W poprzednim roku w ramach akcji repatriacyjnej do Polski powróciło 525 osób o polskich korzeniach (rok wcześniej zaledwie 282). Od dwóch lat rząd PiS próbuje przekonać Polaków mieszkających za granicą, że ich repatriacja jest ważna dla państwa polskiego, że o nich nie zapomnieliśmy.
Rząd stawia głównie na Polaków zamieszkujących tereny byłego ZSRR. I słusznie. Do polskich korzeni przyznaje się m.in. 34 tys. obywateli Kazachstanu i 47 tys. Rosji.
Polacy akceptują repatriantów. Z badań wykonanych na zlecenie Stowarzyszenia „Wspólnota Polska" przez firmę Danae wynika, że połowa Polaków spotkała się z tym określeniem i wie, co oznacza. Ponad 57 proc. respondentów uważa, że Polska powinna sprowadzać repatriantów.
Rząd zakłada, że w ciągu 10 lat do Polski będzie mogło powrócić ok. 10 tys. osób. Sęk w tym, że w tym roku realnie będzie możliwe przesiedlenie zaledwie 700–750 osób. W budżecie zarezerwowano ok. 50 mln zł na wsparcie dla tych osób. W systemie RODAK, który stanowi bazę nazwisk osób chętnych do repatriacji, jest teraz ok. 2700 osób, niektóre osoby czekają na repatriację 10 lat. Przedstawiciele środowiska polonijnego z Kazachstanu wskazują, że chęć wyjazdu do Polski deklaruje nawet 10–15 tys. osób.

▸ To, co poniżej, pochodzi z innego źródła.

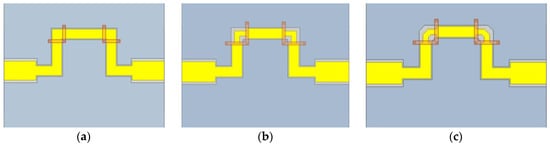 c is the free-space velocity; εeff is the relative permittivity of the CPW equivalent; f is the operating frequency of the delay; ld is the delay transmission line length; lr is the reference line length. Equation (3) shows that the amount of delay is proportional to the length of the transmission line. To reasonably use the limited area of the substrate at the same time, as often as possible to achieve a larger delay, here is the use of zigzag microstrip line wiring, as shown in Figure 7a. Due to the CPW discontinuity at the corner, it is very easy to produce slot line mode, which is usually suppressed by erecting an air bridge to connect the ground lines on both sides [].
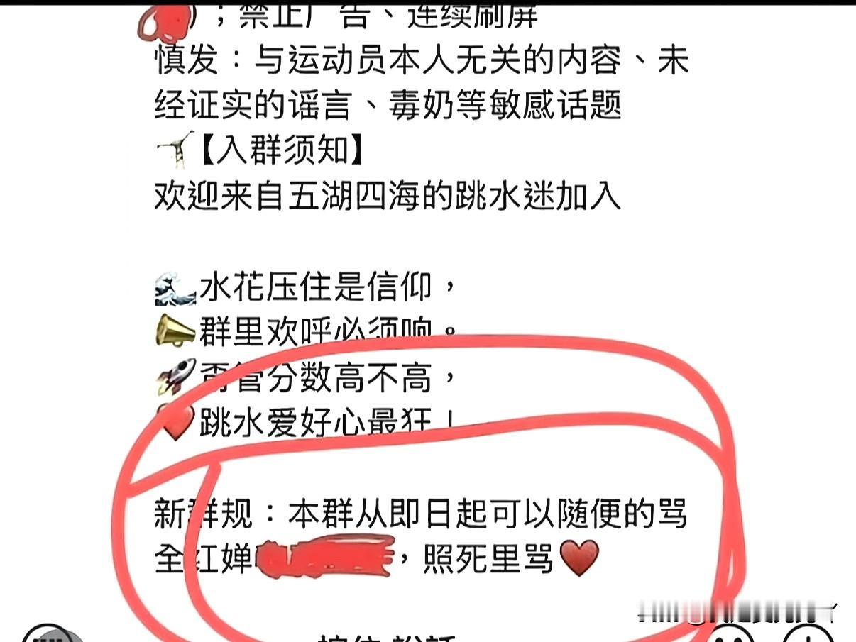 全红婵遭集体霸凌这事终于闹到报警这一步了,知情人士透露这个由记者、裁判、教练、现役跳水运动员和退役运动员以及运动员家属的282人群里公然设立群规:随便骂全红婵、往死里骂
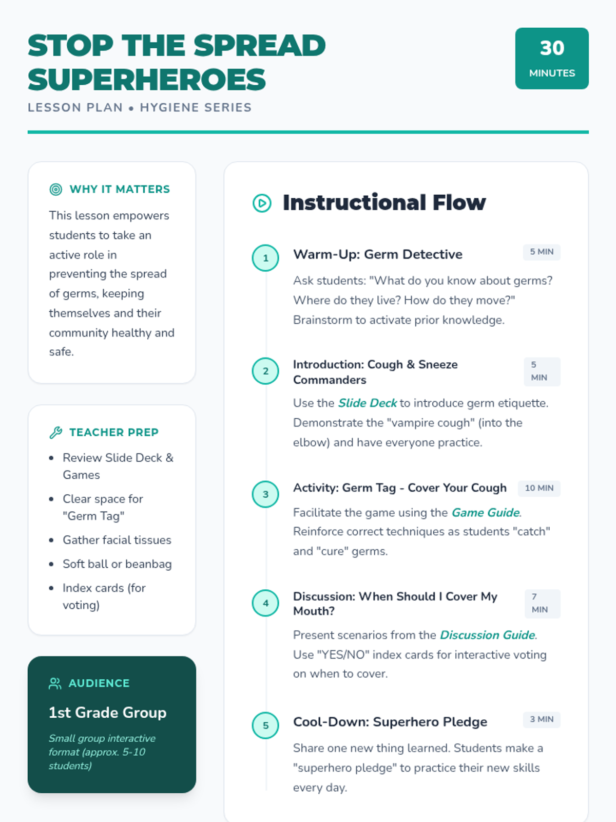 A high-energy lesson for 1st graders on the importance of cleanliness, focusing on germ prevention in shared spaces and organized toy management. Students learn to identify 'germ hotspots' and master the 'Tidy Hero' method for cleaning their rooms.
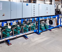 Destiné à l'agroalimentaire, la plasturgie, la cosmétique ou le vinicole, le froid industriel concerne les installations de forte puissance (> 150kW), souvent bi-étagées, fonctionnant au NH3 (ammoniaque) ou via fluides caloporteurs.
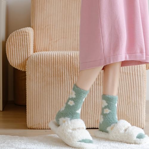 supple Cute Fuzzy Socks for Women, Winter Cozy Casual Fluffy Sock Thickened Slipper Socks for Home, Outside, 5 Pairs, Size 5-9

Tymczasem inne kraje poradziły sobie z repatriacją szybciej. Niemcy byli w stanie sprowadzać rocznie nawet 100 tys. osób, głównie z terenu byłego ZSRR, podobnie robi Rosja, ściągając swoich rodaków z republik azjatyckich oraz Ukrainy. Jakie są wąskie gardła, które utrudniają zakończenie tego procesu w Polsce? Dyskutowali o tym we wtorek w siedzibie Stowarzyszenia Wspólnota Polska przedstawiciele różnych instytucji.